Ms. Namutosi added that the institute is grappling with ‘teaching’ driving lessons without a car because the one they have is very old and not in good mechanical condition.

“Currently we are hiring external or commercial driving schools; what we do is that we take the students to learn the practicals from there while the theories are done from here.

“Of course while there they are not given the time they would have got if they were doing the practicals from the institution,” she said.

Adding: “We also don’t have control over how much they charge. Remember, we have a contract with the students to teach them how to drive at a specific fee; so when the driving school increases on the fees, we have to find a way of topping up.”

Other challenges, Ms. Namutosi said, include inadequate food production equipment like ovens.

The old structure, she said will most likely be demolished upon the completion of the new facility because most offices and operations will be shifted to the new structure.

The facility, once completed, will comprise of a 50-room hotel block, a 321-seater conference hall, 100-seater bar and coffee terrace, two student demonstration kitchens, training restaurants and a laundry block to provide the hospitality students with hands-on experience on modern facilities.

Speaking to this website on September 17, 2018, Ms.
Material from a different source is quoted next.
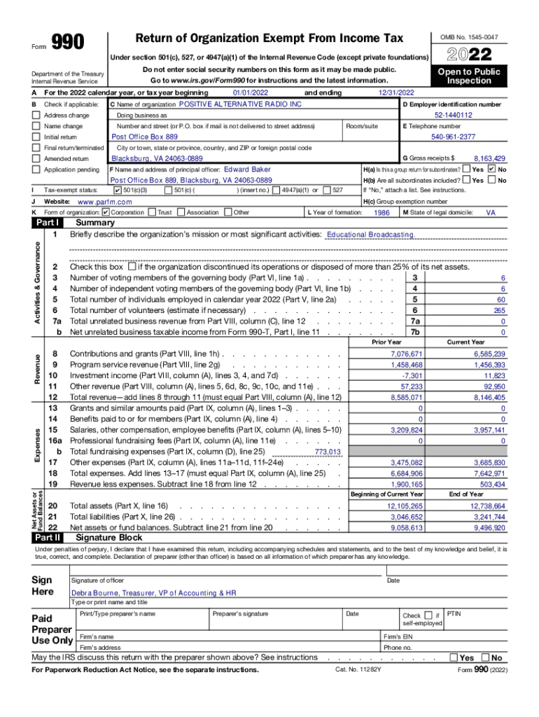 Get the free C Name of organization POSITIVE ALTERNATIVE RADIO INC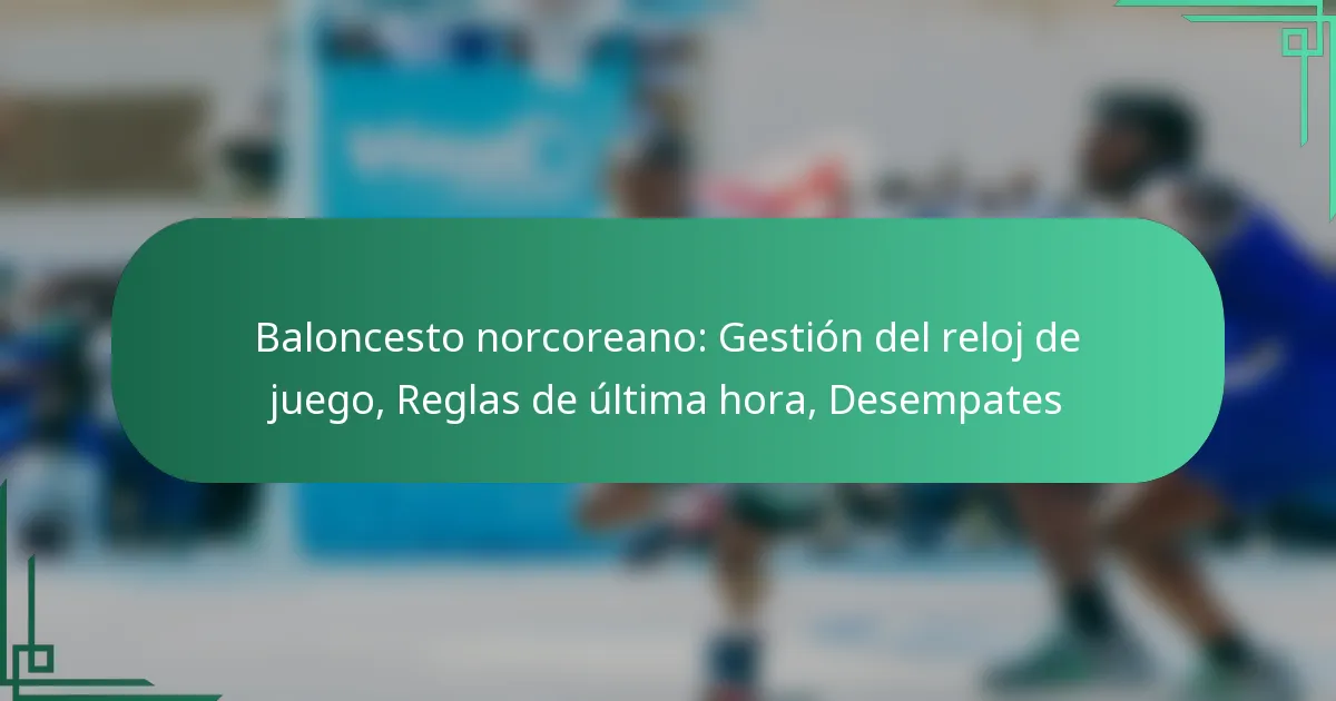 En los últimos minutos de un partido de baloncesto norcoreano, reglas específicas rigen la gestión del tiempo de juego, las faltas y los tiempos muertos que pueden impactar significativamente el resultado. Comprender estas regulaciones es crucial para los equipos que buscan asegurar una victoria en situaciones de alta presión.

Namutosi said construction was at 18 per cent and was optimistic that the April 10, 2019 deadline would be met.

“So far the foundation is done, columns have been erected and the building is out of the ground,” she said, allaying any fears that they would end up behind schedule.

“Usually the foundation takes a long time but once that is done all is a crash program and I am very optimistic we shall beat the deadline,” she added.

Ms. Namutosi, however, implored the government to improve on funding to the institution so that all that has been designed is put in place.

According to Ms. Namutosi, after completion of the project, student enrolment is expected to eclipse the current enrolment capacity of 450 students and grow to about 680 students for both residents and nonresidents.

“To be in tandem with international standards, a national curriculum has been designed and approved by the Uganda National Council for Higher Education (UNCHE) and is ready to be rolled out,” Ms Namutosi said.

She added that there is a Technical Advisor hired to advise the government on how to turn the institute into a modern hotel training hub.

Uganda Hotel and Tourism Training Institute in Jinja. (PHOTO/FILE)

About the project

The project is supporting the implementation of business environment reforms in Business Registration and Licensing, Land Administration and Management, Tourism Competitiveness Development and enterprise development through the provision of matching grants to private sector enterprises. The aim of the project is to ultimately create a conducive business environment that will enhance Uganda’s competitiveness.

A number of activities have been undertaken under the project to support the tourism sector including the provision of transport facilities to Uganda Wildlife Authority, tourism promotion through the hire of PR firms and supporting a number of exhibitions, curriculum review and development of policies that will support the growth of the tourism sector.

The Government of Uganda in 2014 received credit from the World Bank towards the implementation of the CEDP, with an objective of improving the competitiveness of enterprises in Uganda through supporting reforms in priority productive and service sectors geared, all towards a better investment climate with particular focus on MSMEs.

The 5-year project comprises of four major components and is implemented by seven agencies namely: Private Sector Foundation Uganda (PSFU), Ministry of Lands, Housing and Urban Development, Uganda Registration Services Bureau (URSB), Ministry of Tourism, Wildlife and Antiquities, Uganda Tourism Board, Uganda Wildlife Authority and The Uganda Hotel and Tourism Training Institute (UHTTI).

However, the government of Uganda, through the Ministry of Finance Planning and Economic Development, delegated the overall coordination of the Project to PSFU through a Project Coordination Unit (PCU).